→ **What you have to do**:
Everything in the listing below except the pictures should be reproduced exactly.

→ **Entries shown**:
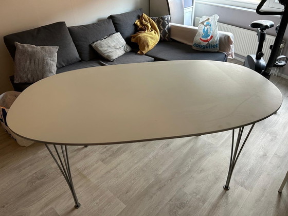 The Fritz Hansen Superellips table, designed by Piet Hein and Bruno Mathsson, is a stunning example of Mid Century Modern elegance. With its sleek white tabletop and elegant silver metal legs, this table combines durability with aesthetic appeal. The unique Superellips shape offers ample dining space while maintaining a graceful silhouette. A true collector's item, this table promises to elevate any dining experience.
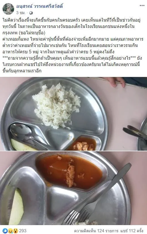 วันที่ 9 สิงหาคม 2562 สมาชิกเฟซบุ๊กชื่อว่า อนุสรณ์ วรรณศรีสวัสดิ์ โพสต์รูปภาพแฉเมนูมื้อกลางวันของโรงเรียนเอกชนแห่งหนึ่งในกรุงเทพฯ ซึ่งต้องบอกว่าปริมาณและคุณภาพเห็นแล้วถึงกับต้องกุมขมับ น่าเห็นใจลูกๆหลานๆของเราจริงๆ
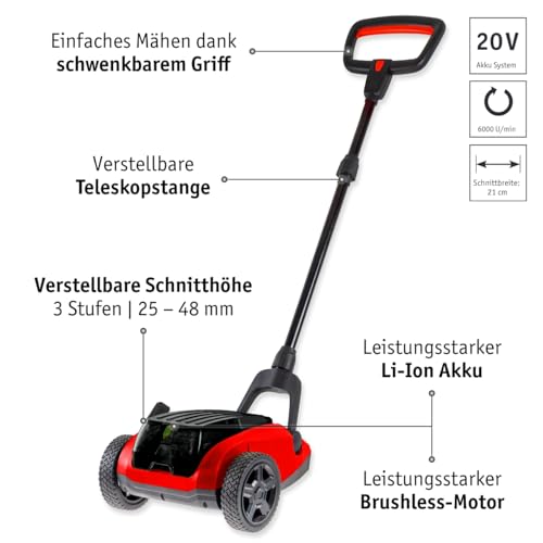 | Features | Leistungsstarker Bürstenloser Motor: Der bürstenlose Motor des WALTER Akku-Handrasenmähers sorgt für eine außergewöhnlich hohe Mähleistung und längere Laufzeiten. Zudem bietet er eine beeindruckende Langlebigkeit, was bedeutet, dass Sie länger Freude an Ihrem Gerät haben werden., Einstellbare Schnitthöhe in Drei Stufen: Mit einer flexibel einstellbaren Schnitthöhe von 25 bis 48 mm in drei Stufen können Sie die perfekte Rasenhöhe für Ihren Garten auswählen. Diese Anpassungsfähigkeit gewährleistet ein stets gepflegtes Erscheinungsbild Ihres Rasens., Leicht und Flexibel für Schwer Zugängliche Stellen: Dank der leichten Bauweise und dem schwenkbaren Griff lässt sich der Mäher mühelos manövrieren. Er ist ideal, um auch schwer zugängliche Stellen wie unter Sträuchern und Bänken zu erreichen, was Ihre Gartenpflege erheblich erleichtert., Effizienter 20V 2,0Ah Li-Ionen-Akku: Der im Lieferumfang enthaltene 20V 2,0Ah Li-Ionen-Akku bietet eine Laufzeit von etwa 20-25 Minuten bei voller Ladung. Der Akku ist in nur 60-90 Minuten vollständig aufgeladen, sodass Sie schnell wieder einsatzbereit sind., Kompakte Bauweise und Hohe Sicherheit: Die kompakte Bauweise des Mähers ermöglicht eine platzsparende Lagerung, was besonders in kleinen Haushalten von Vorteil ist. Zusätzlich sorgt die Einschaltsperre für einen sicheren Betrieb, indem sie ein unbeabsichtigtes Starten verhindert. |
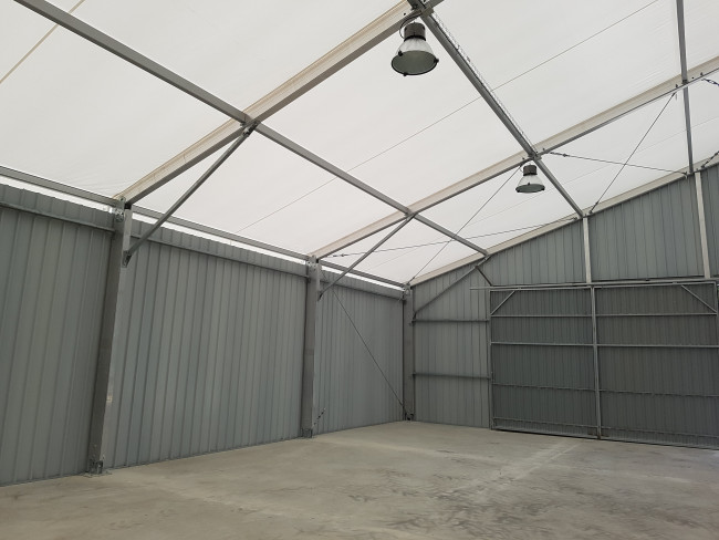 28/03/2024Bâtiment galvanisé fermé en tôles 5 ondes renforcées avec porte coulissante - 16,6x24x5m. Cordialement.
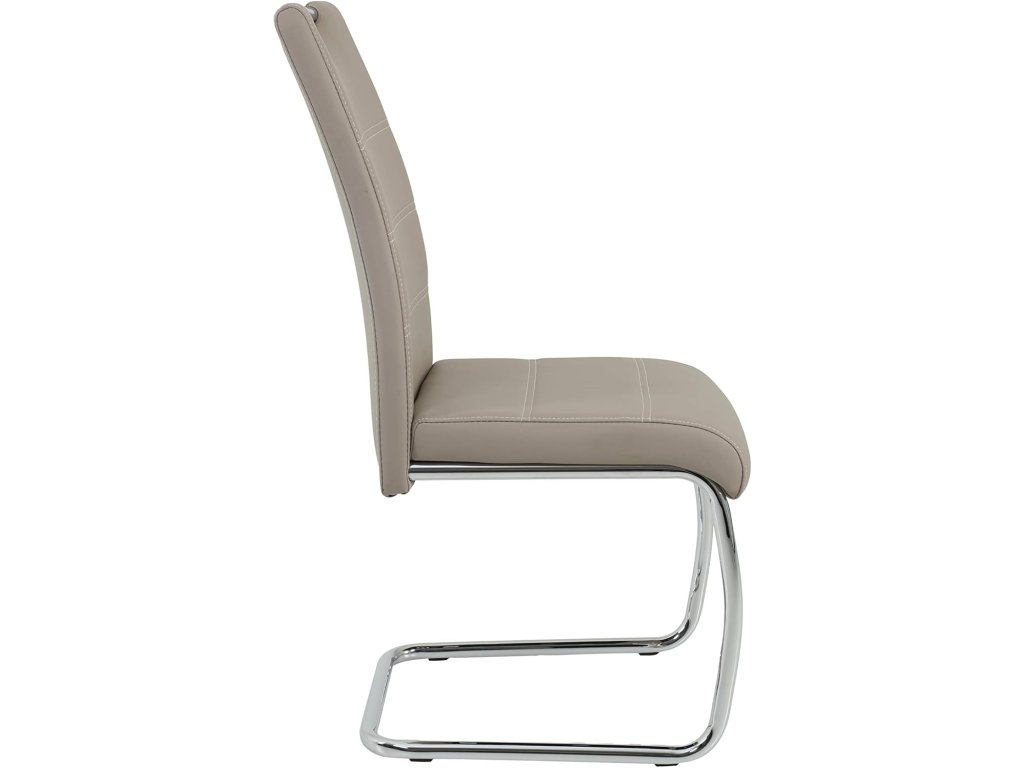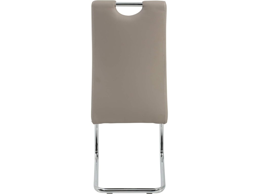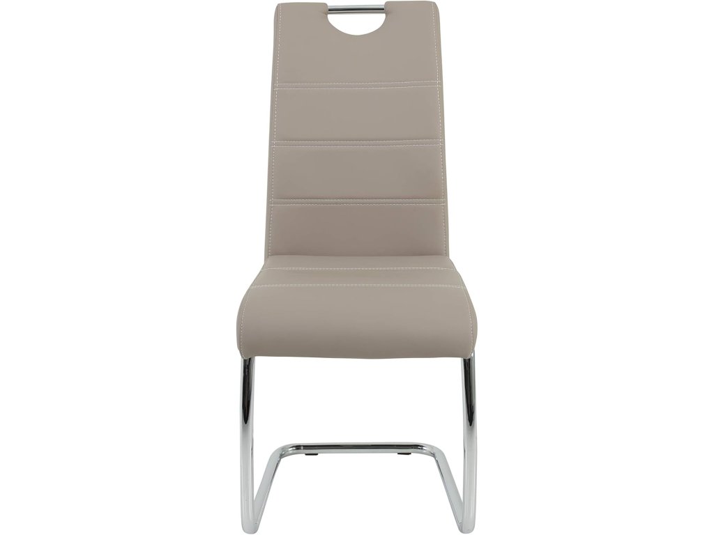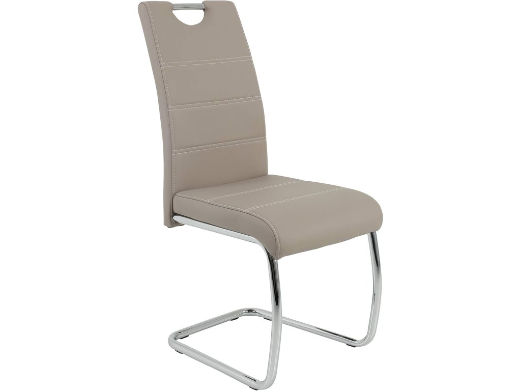 Sedák i opěradlo jsou potaženy odolnou umělou kůží v elegantní barvě cappuccino. Materiál je příjemný na dotek, snadno se udržuje a dodává židli moderní vzhled.

→ **Result**:
 The Fritz Hansen Superellips table, designed by Piet Hein and Bruno Mathsson, is a stunning example of Mid Century Modern elegance. With its sleek white tabletop and elegant silver metal legs, this table combines durability with aesthetic appeal. The unique Superellips shape offers ample dining space while maintaining a graceful silhouette. A true collector's item, this table promises to elevate any dining experience.
 วันที่ 9 สิงหาคม 2562 สมาชิกเฟซบุ๊กชื่อว่า อนุสรณ์ วรรณศรีสวัสดิ์ โพสต์รูปภาพแฉเมนูมื้อกลางวันของโรงเรียนเอกชนแห่งหนึ่งในกรุงเทพฯ ซึ่งต้องบอกว่าปริมาณและคุณภาพเห็นแล้วถึงกับต้องกุมขมับ น่าเห็นใจลูกๆหลานๆของเราจริงๆ
 | Features | Leistungsstarker Bürstenloser Motor: Der bürstenlose Motor des WALTER Akku-Handrasenmähers sorgt für eine außergewöhnlich hohe Mähleistung und längere Laufzeiten. Zudem bietet er eine beeindruckende Langlebigkeit, was bedeutet, dass Sie länger Freude an Ihrem Gerät haben werden., Einstellbare Schnitthöhe in Drei Stufen: Mit einer flexibel einstellbaren Schnitthöhe von 25 bis 48 mm in drei Stufen können Sie die perfekte Rasenhöhe für Ihren Garten auswählen. Diese Anpassungsfähigkeit gewährleistet ein stets gepflegtes Erscheinungsbild Ihres Rasens., Leicht und Flexibel für Schwer Zugängliche Stellen: Dank der leichten Bauweise und dem schwenkbaren Griff lässt sich der Mäher mühelos manövrieren. Er ist ideal, um auch schwer zugängliche Stellen wie unter Sträuchern und Bänken zu erreichen, was Ihre Gartenpflege erheblich erleichtert., Effizienter 20V 2,0Ah Li-Ionen-Akku: Der im Lieferumfang enthaltene 20V 2,0Ah Li-Ionen-Akku bietet eine Laufzeit von etwa 20-25 Minuten bei voller Ladung. Der Akku ist in nur 60-90 Minuten vollständig aufgeladen, sodass Sie schnell wieder einsatzbereit sind., Kompakte Bauweise und Hohe Sicherheit: Die kompakte Bauweise des Mähers ermöglicht eine platzsparende Lagerung, was besonders in kleinen Haushalten von Vorteil ist. Zusätzlich sorgt die Einschaltsperre für einen sicheren Betrieb, indem sie ein unbeabsichtigtes Starten verhindert. |
 28/03/2024Bâtiment galvanisé fermé en tôles 5 ondes renforcées avec porte coulissante - 16,6x24x5m. Cordialement.
 Sedák i opěradlo jsou potaženy odolnou umělou kůží v elegantní barvě cappuccino. Materiál je příjemný na dotek, snadno se udržuje a dodává židli moderní vzhled.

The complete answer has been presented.